I was already in a clinical setting (but the resources were only for research like in my current position) and was approved by the IT manager (after we couldn't use the institutional one). I wish I could do that and "forget" about administrating a system. But as a "pet bioinformatician" it is impossible without institutional support. Thanks for the advices!
What is preventing you from having a balanced mix of both? Split the budget, get some hardware to run locally, and get a subscription/contract with a cloud compute provider using the rest of the money.
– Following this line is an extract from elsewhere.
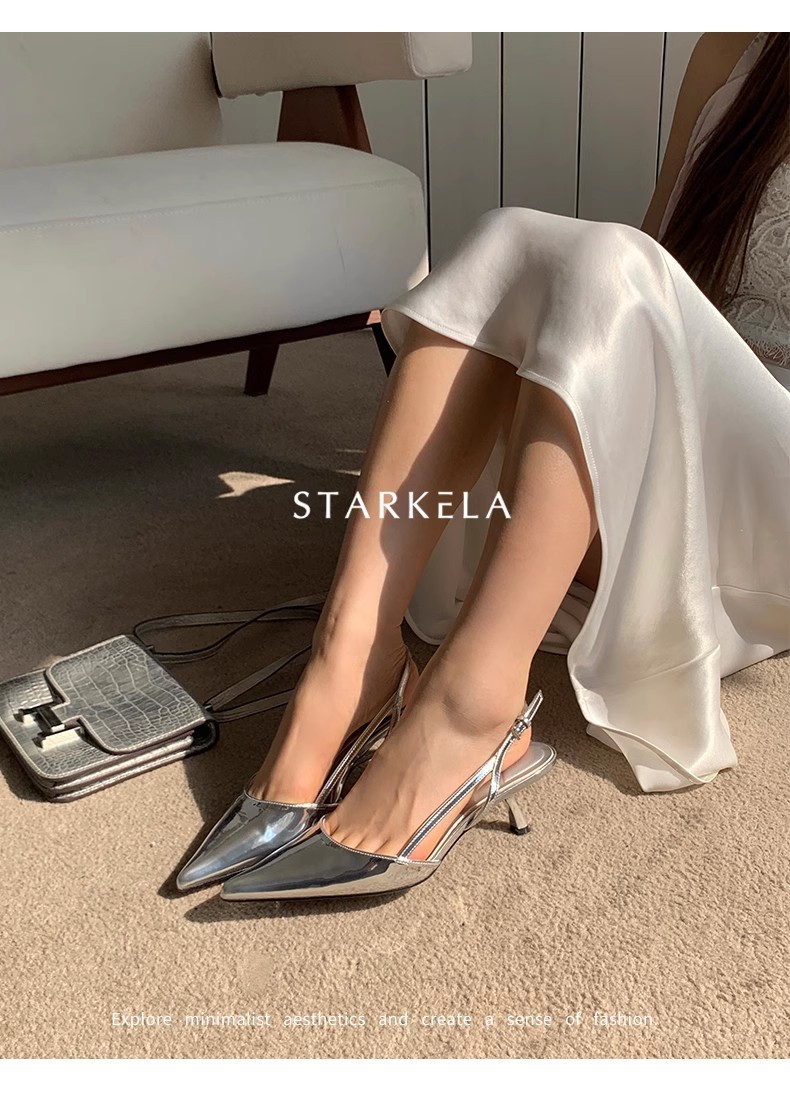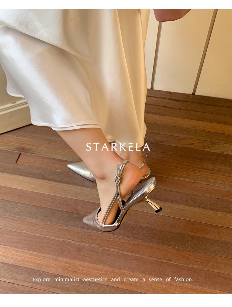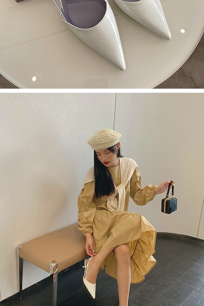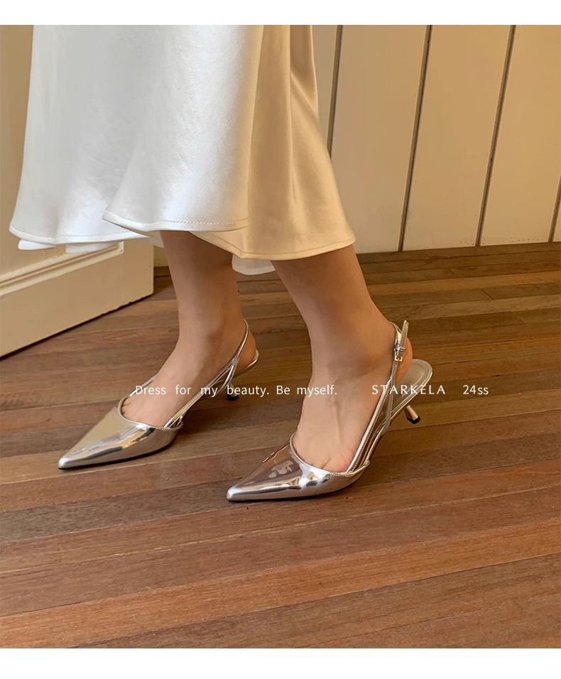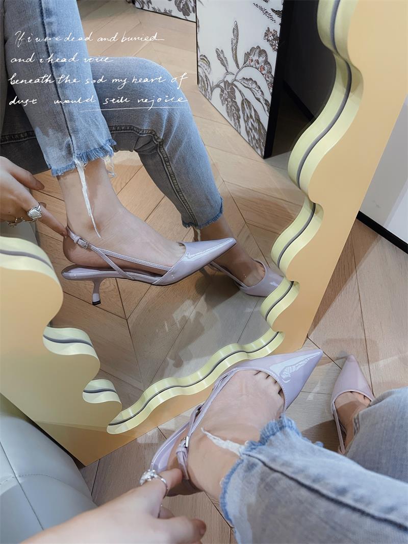 2024 년 봄과 가을 새로운 패션 올매치 포인팅 토 버클 샌들 우아한 얇은 발 바오터우 여성용 싱글 레이어 신발스토어 가기

Nothing, and I probably will end up combining both my problem is how to balance that. I need a PC to analyze or at least explore whatever I do in the cloud. I want to maximize the value of a good PC enough for current and forseable time and a cloud solution be in a company or at the institution.
The question of how to balance the budget allocation between the two would primarily depend upon how much money you have available and how it is allocated over time. Does your institution have some pre-existing computational resources already? Maybe you could collect a couple of PC towers that are no longer in use and set up a Slurm cluster on that? Then you have a (well, acceptable but probably inefficient) local compute resource that should be able to handle at least some bioinformatics work (no GPU stuff unless the machines have dedicated GPUs obviously), and you can preferentially allocate your budget towards whatever else you see fit?
There is no pre-existing computation resource yet (neither at the group or the institution level). I will ask the IT team and other bioinformaticians about pooling PCs together or how do they see this. Thanks!